** What you need to do **
Set down the lines below, exactly, starting at the one that contains "スマホケース ブラック系 BJ7188" and stopping at the last line, inclusive. Omit pictures.

** Dataset excerpt **
◇ ◇ ◇
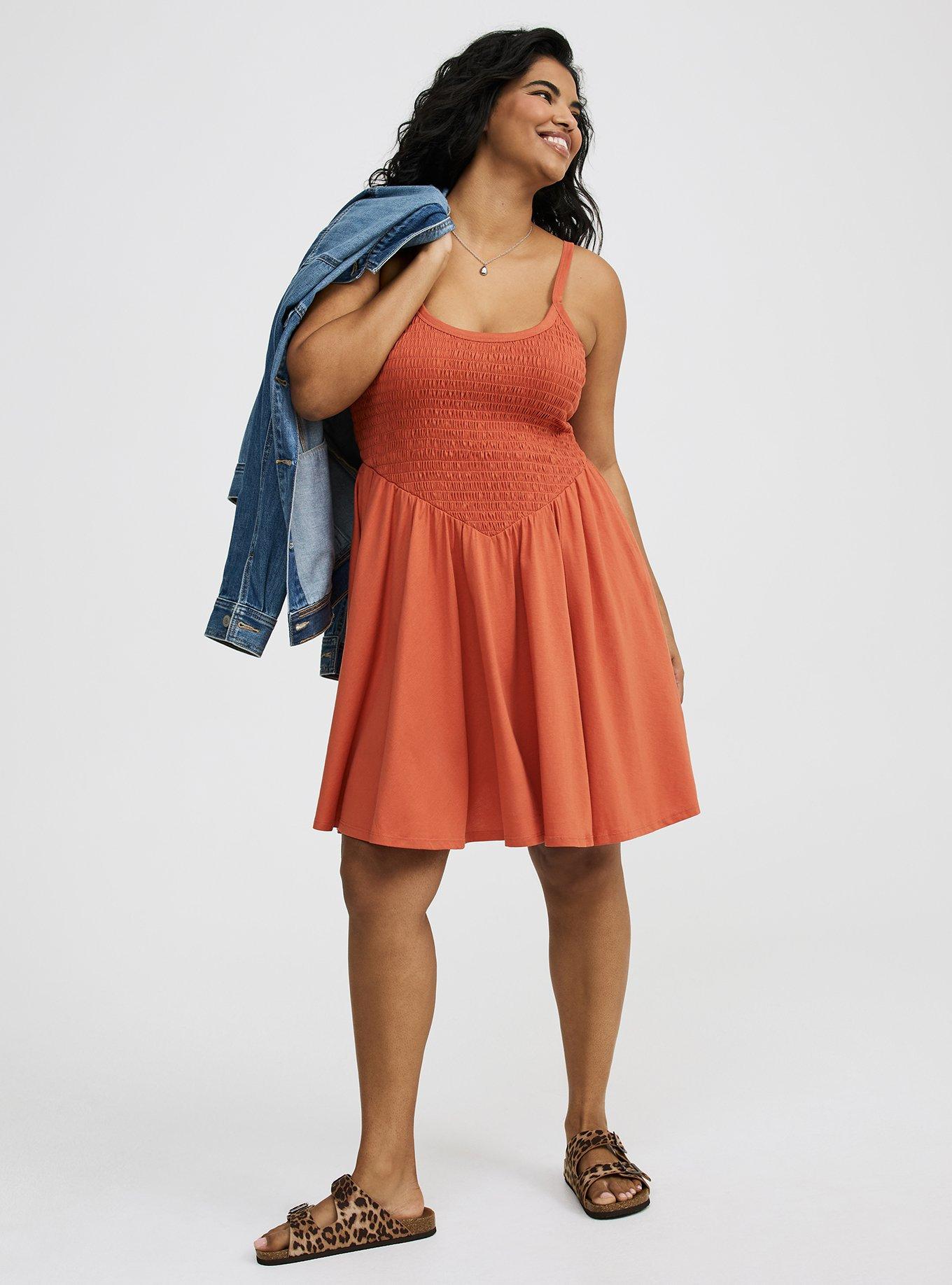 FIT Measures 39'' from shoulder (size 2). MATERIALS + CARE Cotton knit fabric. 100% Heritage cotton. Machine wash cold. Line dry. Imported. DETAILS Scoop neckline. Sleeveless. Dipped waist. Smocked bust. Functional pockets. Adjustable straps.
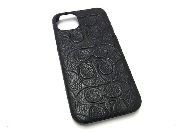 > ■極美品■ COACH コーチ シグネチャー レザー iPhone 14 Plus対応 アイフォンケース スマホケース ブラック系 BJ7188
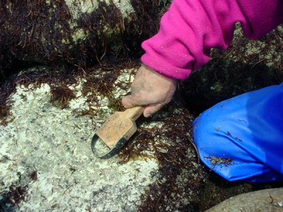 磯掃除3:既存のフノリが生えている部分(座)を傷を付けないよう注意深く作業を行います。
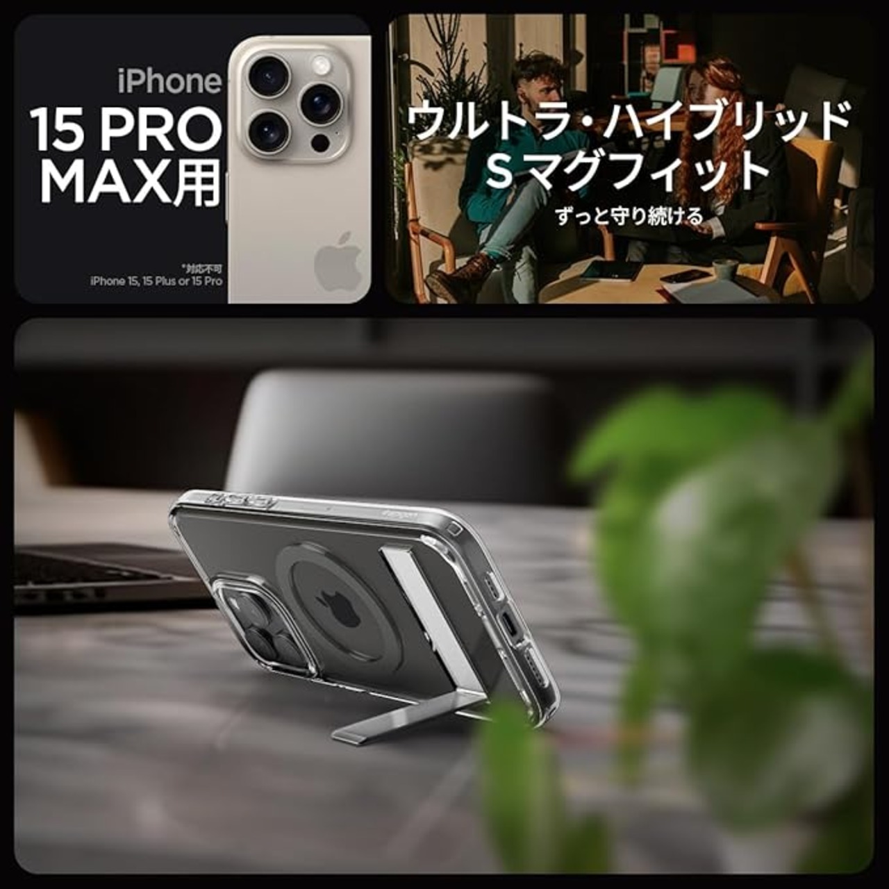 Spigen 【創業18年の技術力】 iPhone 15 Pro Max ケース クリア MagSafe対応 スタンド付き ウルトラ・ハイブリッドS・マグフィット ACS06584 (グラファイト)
◇ ◇ ◇
** Output of the exercise **
 > ■極美品■ COACH コーチ シグネチャー レザー iPhone 14 Plus対応 アイフォンケース スマホケース ブラック系 BJ7188
 磯掃除3:既存のフノリが生えている部分(座)を傷を付けないよう注意深く作業を行います。
 Spigen 【創業18年の技術力】 iPhone 15 Pro Max ケース クリア MagSafe対応 スタンド付き ウルトラ・ハイブリッドS・マグフィット ACS06584 (グラファイト)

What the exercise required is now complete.